I always assumed doing it based on OS maps or whatever in such a way that the model points due north from the start. So there would be no rotating.
What is the remaining issue with exporting track? If can be done now, I read. Never got around trying it, but soon will, hopefully.
The way I see it is this:
I place OS maps decals in World Editor. I fit track to that. I export the result of my matching efforts and load it into Blender (or 3D Crafter in your case). It will be some simple mesh, I keep it separate from the model, "read only" and exclude it from export.
With some luck, I might be able to have Blender lay a Bezier curve along selected edges, or I have to fit is myself. Blender has a nice function that moves a 2D curve along another curve mimicking the RW lofts. But the outcome is converted to a mesh that you can manipulate to your heart's content (or else you could go with a RW loft).

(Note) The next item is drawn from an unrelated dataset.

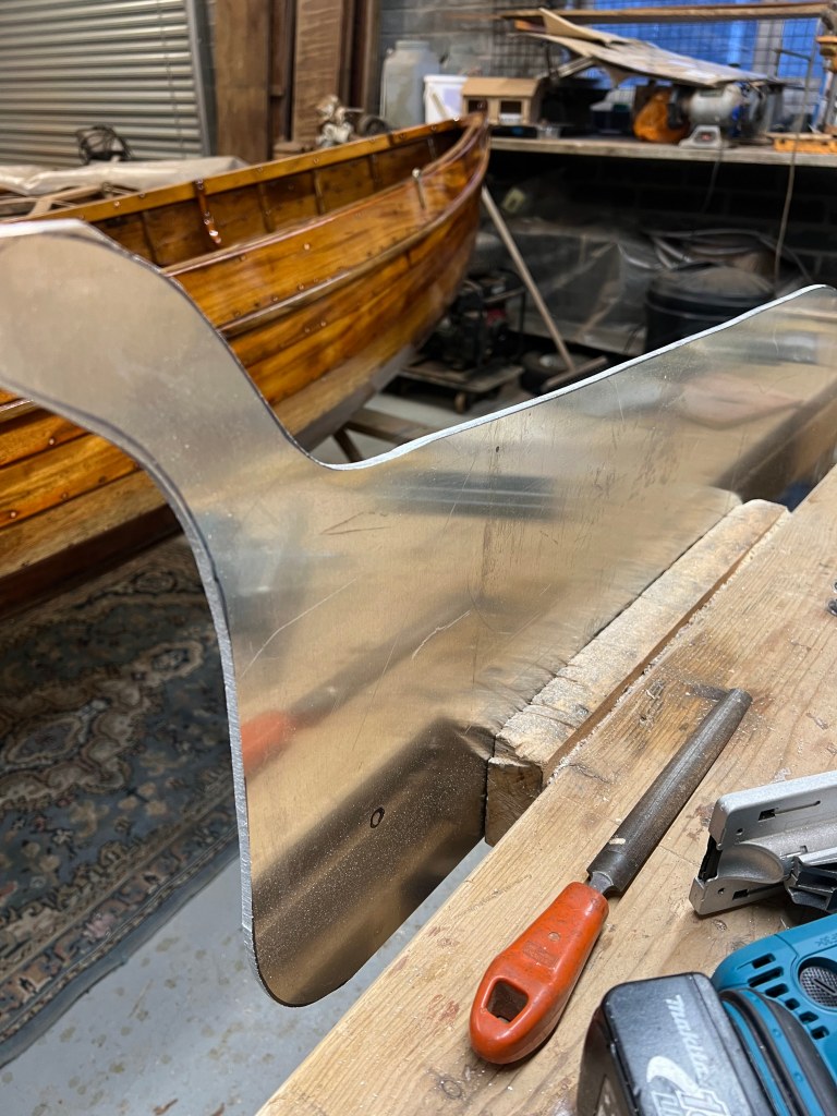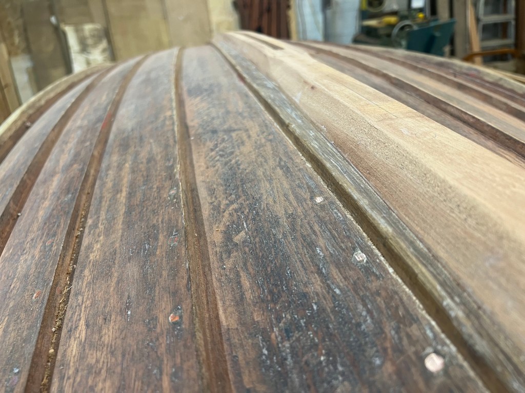 The brass keel band was taken off and a suitable length of sapele was worked to fit over the boat’s keel plank.

For the texture, you sure need some that tile good. I see some serious work ahead of me in those quarters. What I envision is using two textures, inverse to how people put ambient occlusion shadows on their buildings: Texture 1 is coarse and untiled. You paint the base colour of, say, the street on it. The second is fine-grained and tiling and it only shows the outline of the stones that form the pavement of the street.
I believe I could get texture 2 by subtracting a texture from its very blurred copy. Or(and) by desaturating it completely and maybe applying some histogram curve to it. The thing is: All photos are a bit different in hue and/or brightness on their edges. So if I get "the dark lines" out of a photo, it might be easier to make those really uniform. The area between them will be transparent and the dark lines may have an alpha value well under 1 so the base colour from texture 2 has a chance to shine through.
Where I say "dark lines" in less easy cases it can also be lines in other colours, like mortar between bricks. That that will be harder, because the above advantage of working on shades of gray is lost. Mayby doing that and adding in the colour of the mortar in the end can help.
In theory, you could have a bump map instead of texture 2, but I guess it would be wasteful.
Now if I have one mesh that is nothing but street, all that is left to do is the orientation of the stone patterns. Which can keep you busy if you are like you and me.
But if I want to save on draw calls, I need to integrate pavement with grass and maybe some wall. One way to do that could be to have a side ratio of 1:2 for the fine-grained texture, maybe even 1:4. I searched the net for confirmations about that being inferior to 1:1 but could not find much outside phone games.
So assume you have one texture that tiles to one direction and has a few stripes for 2 to 4 different types of ground structure. And another one where I can paint (using Blender's texture paint) rather simple colours that I lift directly from photos. Sounds sexy. But I still have not found a way to clone myself, and my wife would not allow it, one instance is enough trouble, she says.